What the task requires:
The whole listing needs retyping exactly; keep the pictures out of it.

Exercise data:
_ _ _ _ _

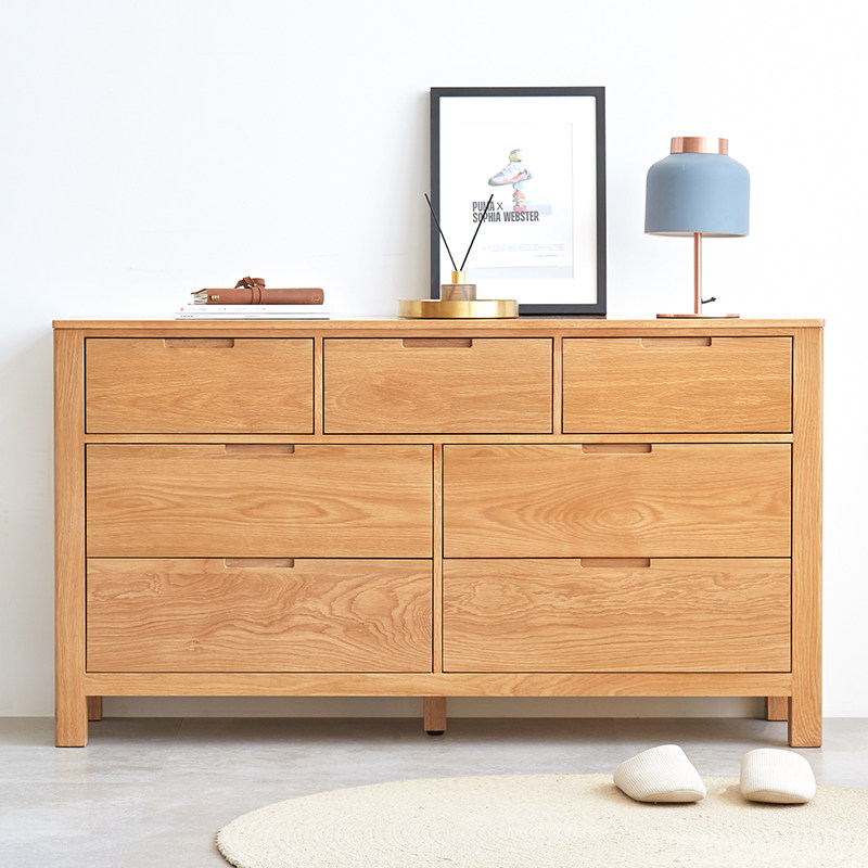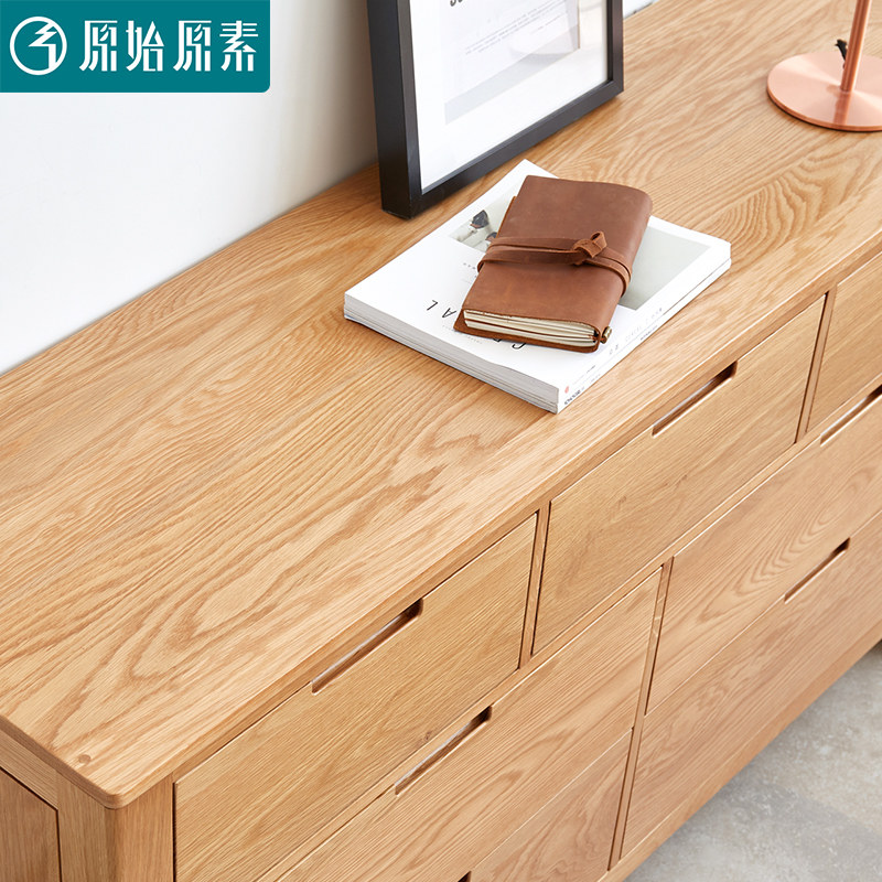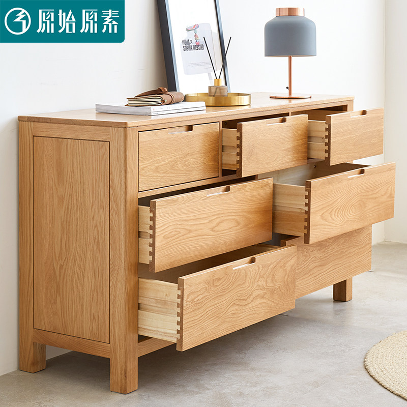 Original original full solid wood five-bucket seven-bucket cabinet Nordic modern simple bedroom furniture Oak storage cabinet A3032
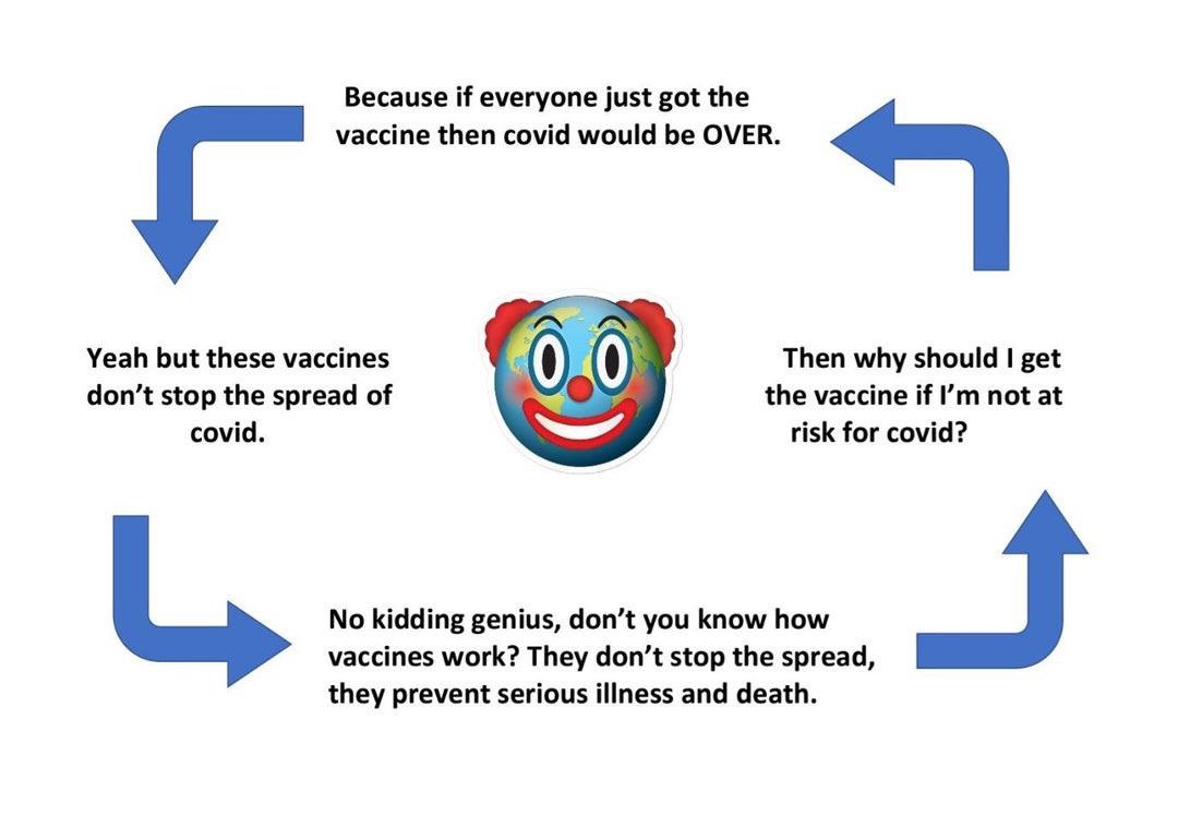 Считается, что в основном все - стадо, не понимающее ничего. Ну вот тупыыыые. Надо ими управлять, надо их оберегать. Сами-то людишки - глупые, не осознают опасности, дай им волю - начнут собираться вокруг бочек и пить пиво. А только кто усомнится в том, что эти «меры» вообще должны иметь место, усомнившегося тут же крестят «антиваксером» и начинают клевать, благо вам в помощь куча графиков и «исследований» ученых.
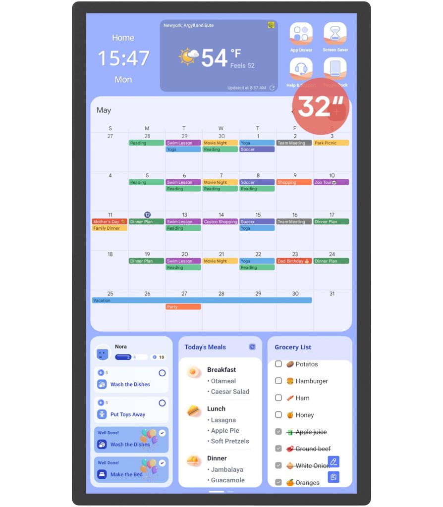 Meet your new family command center. The large wall mounted touch display pulls in everyone’s Google, Apple, and Outlook calendars, color-codes them by person, and shows the whole week (and the chaos) at a glance. But it’s not merely a shared calendar, the customizable dashboard is compatible with a vast range of apps like Netflix and YouTube, offers an AI-powered voice assistant, and doubles as a digital picture frame or faux fireplace when not in use. $349+, cozyla.com

_ _ _ _ _

Exercise solution:
 Original original full solid wood five-bucket seven-bucket cabinet Nordic modern simple bedroom furniture Oak storage cabinet A3032
 Считается, что в основном все - стадо, не понимающее ничего. Ну вот тупыыыые. Надо ими управлять, надо их оберегать. Сами-то людишки - глупые, не осознают опасности, дай им волю - начнут собираться вокруг бочек и пить пиво. А только кто усомнится в том, что эти «меры» вообще должны иметь место, усомнившегося тут же крестят «антиваксером» и начинают клевать, благо вам в помощь куча графиков и «исследований» ученых.
 Meet your new family command center. The large wall mounted touch display pulls in everyone’s Google, Apple, and Outlook calendars, color-codes them by person, and shows the whole week (and the chaos) at a glance. But it’s not merely a shared calendar, the customizable dashboard is compatible with a vast range of apps like Netflix and YouTube, offers an AI-powered voice assistant, and doubles as a digital picture frame or faux fireplace when not in use. $349+, cozyla.com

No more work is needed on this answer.